Reviewing your mapping
In complex mappings with many metadata fields, you might want to check if everything has been mapped properly. Whenever during your work in Spreadsheet Mapping Editor, switch to the Summary tab and observe an overview of leading cells and mappings like this one:
Notes and Limitations
-
Encryption
Writing of encrypted XLS or XLSX files is not supported (unlike SpreadsheetDataReader which can read encrypted files)
-
XLTX vs. XLSX templates
For technical reasons, it is currently not possible to use an XLTX template for XLSX output. Nevertheless, the difference between XLTX and XLSX files is minimal. Therefore, we recommend you use XLSX as the format for both the template and output files. For XLS and XLT files, there is no such limitation.
-
Mapping editor on server files
A spreadsheet mapping editor on server files can operate as usual, except in a case when File URL contains wildcard characters. In that case, CloverDX Designer is not able to find matching server files and the mapping editor shows no data in the spreadsheet preview. This is going to be fixed in next releases.
-
Error reporting
There is no error port on the component. By design, either the component configuration is valid and will then succeed in writing records to a file, or it will fail with a fatal error (invalid configuration, no space left on device, etc.). No errors per input record are generated.
-
Excel has a limit of 31 characters for sheet name length; therefore, the POI library silently truncates sheet names to 31 characters. This can lead to a following error when the library truncates the unique part of the sheet name:
Component [SpreadsheetDataWriter:SPREADSHEET_DATA_WRITER] finished with status ERROR. The workbook already contains a sheet of this name
-
Width of columns
If the SpreadsheetDataWriter writes to newly created sheet, or to existing sheet which is cleaned first (i.e. Actions on existing sheets is set to Clear target sheet(s)), the component automatically adjusts width of columns so that it matches width of the most widest cell content in each particular column. Column widths is not adjusted if a template is used or when writing into existing sheet (which is not cleaned first). This means that column widths from template are preserved. Also column widths of already existing sheets are kept when appending/inserting/overwriting data of that sheet.
-
Lists and Maps
SpreadsheetDataWriter cannot write lists and maps. Lists of
string
s,byte
s andcbyte
s are converted to string. -
SpreadsheetDataWriter ignores excel:raw format. When it’s set, the component acts as if the format property is empty.
-
Writing formulas in streaming mode
Spreadsheets usually contain pre-computed values of formulas to speed up opening the file. In streaming write mode, CloverDX evaluates the formula and saves the pre-computed value only if all the referenced cells are available in the streaming window (last 10 rows by default). Otherwise, it writes a placeholder value (e.g. 0 or empty string) and the actual values are calculated when the file is opened in Excel for the first time.
Compatibility
Version | Compatibility Notice |
---|---|
4.0.7 |
You can now write hyperlinks into spreadsheets. |
4.4.0-M2 |
SpreadsheetDataWriter can now write to output port just to |
Troubleshooting
SpreadsheetDataWriter Fails on Linux systems
If the component fails on Linux systems with the following error:
java.lang.NullPointerException at sun.awt.FontConfiguration.getVersion()

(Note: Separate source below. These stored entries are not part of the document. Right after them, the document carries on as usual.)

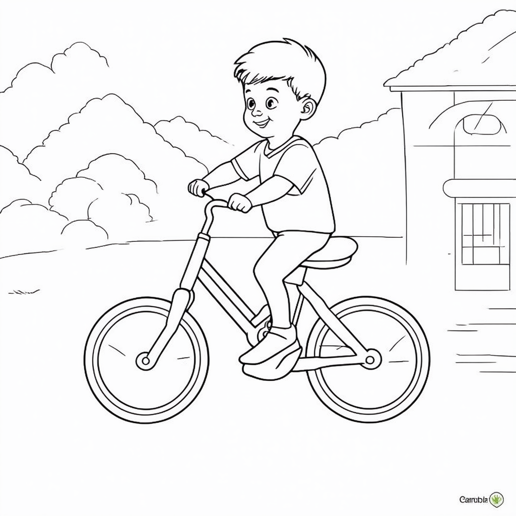 A very simple, clean and minimalistic kid's coloring book page of a young boy riding a bicycle, with thick lines, and small a house in the background
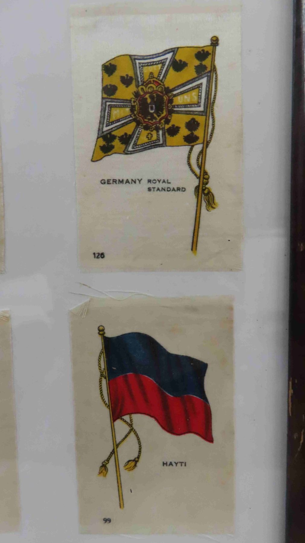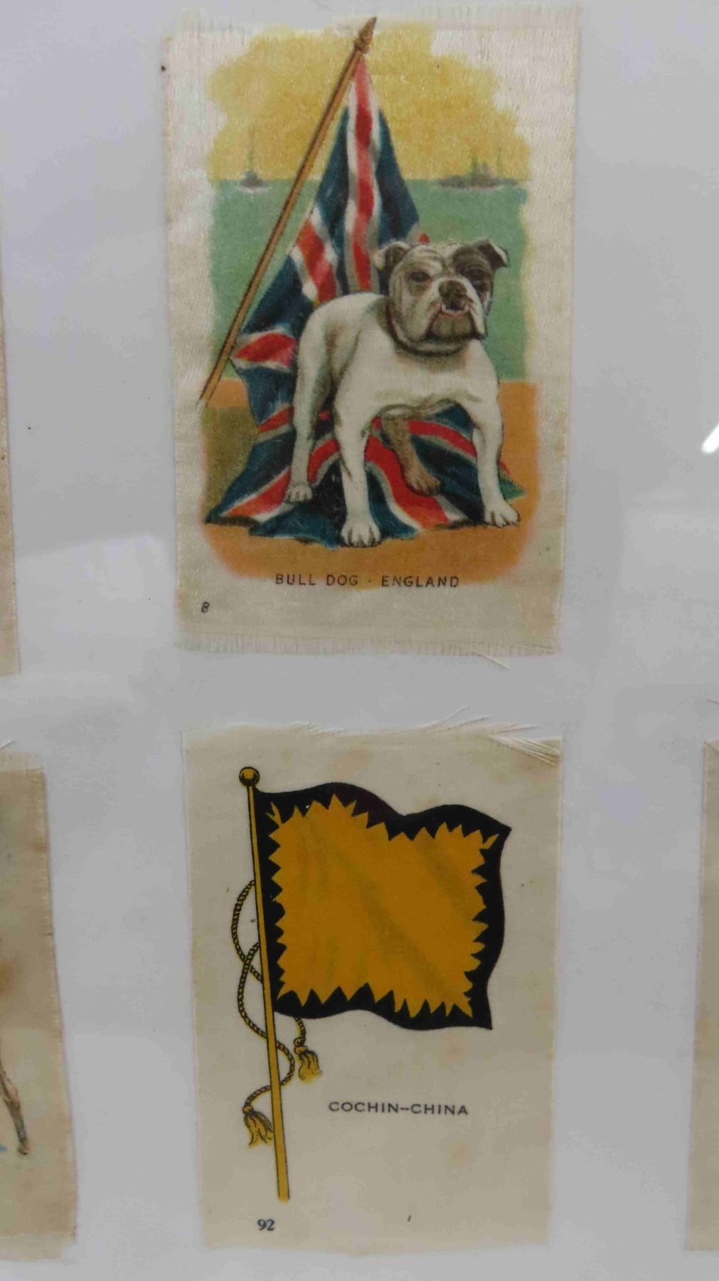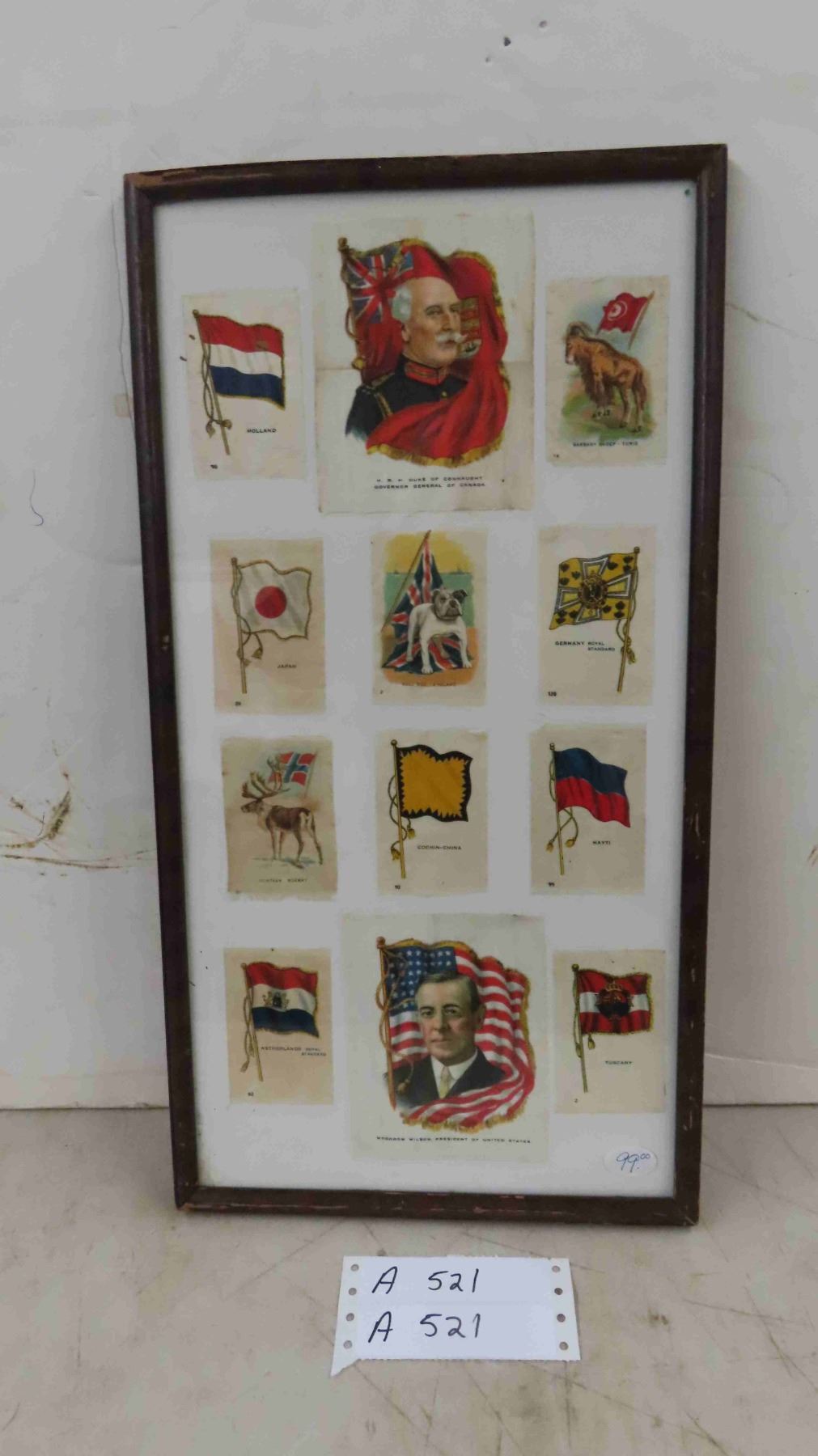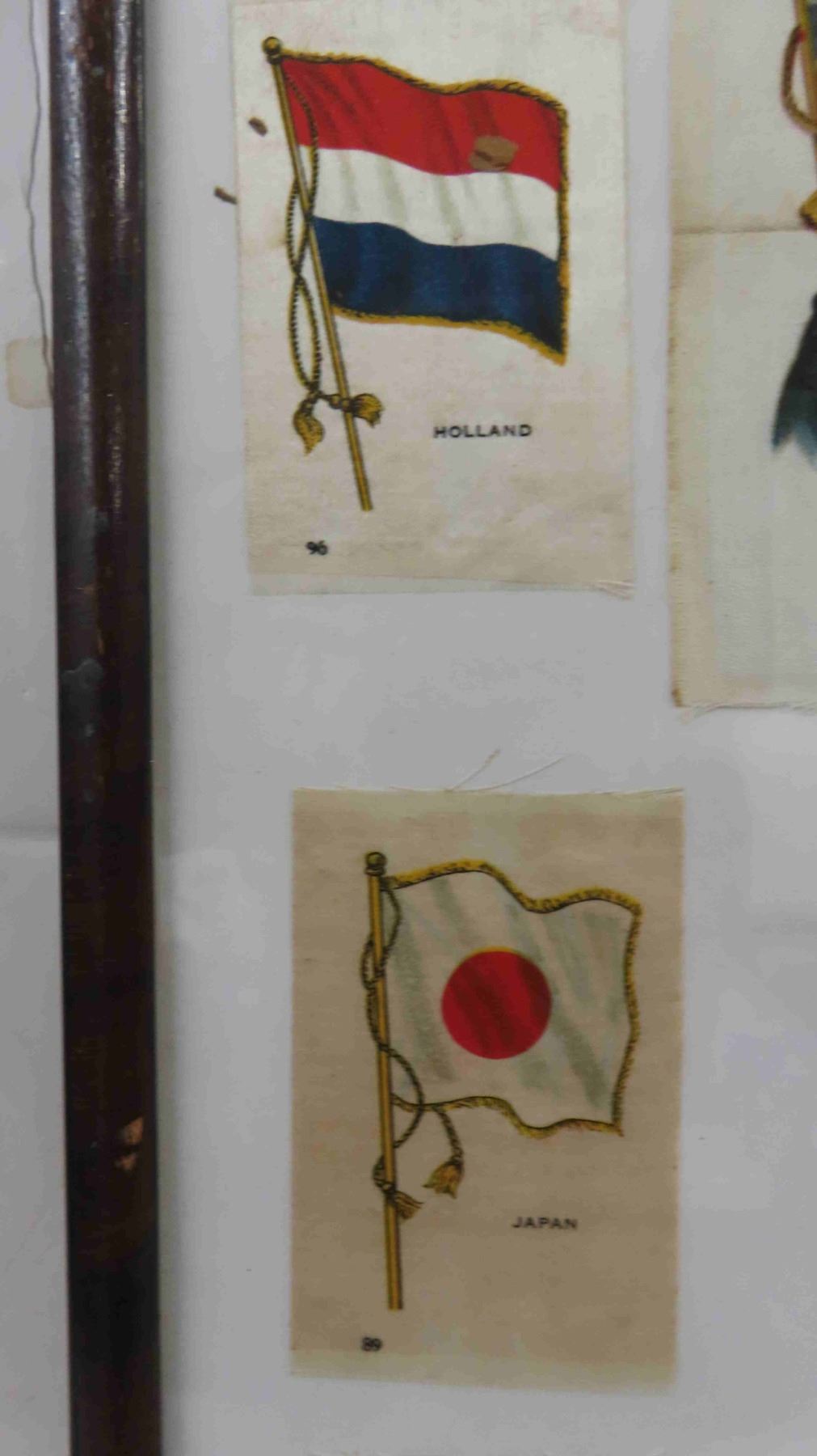 Framed Picture with Vintage Cloth Advertisements from England, Japan, Holland,
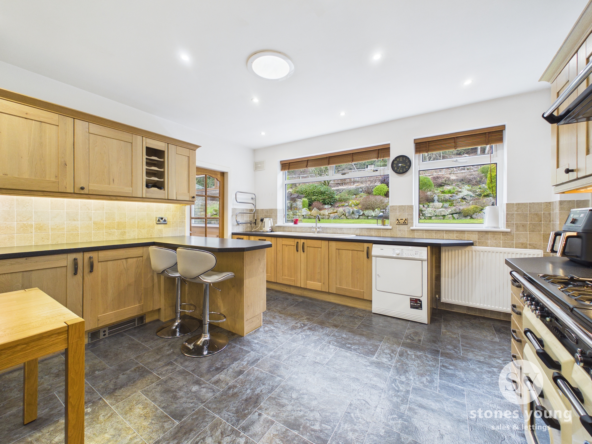 Range of fitted wall and base solid oak units with contrasting worksurfaces, sink and double drainer, breakfast bar with seating for three, plumbed for washing machine, integral NEFF dishwasher, integral microwave, space for freestanding cooker with gas hob, LVT flooring, panel radiator, upvc double glazed window x 2

install the fontconfig library. Some distributions may also require dejavu-sans-fonts and urw-fonts library packages.
yum install -y dejavu-sans-fonts fontconfig urw-fonts
If the issue persists even after performing the steps above, add the following argument to worker properties: -Djava.awt.headless=true
.
Writing to dictionary fails
If you write spreadsheet to a dictionary, the attribute Type of formatter must be set to XLS or XLSX. It cannot be Auto (default value).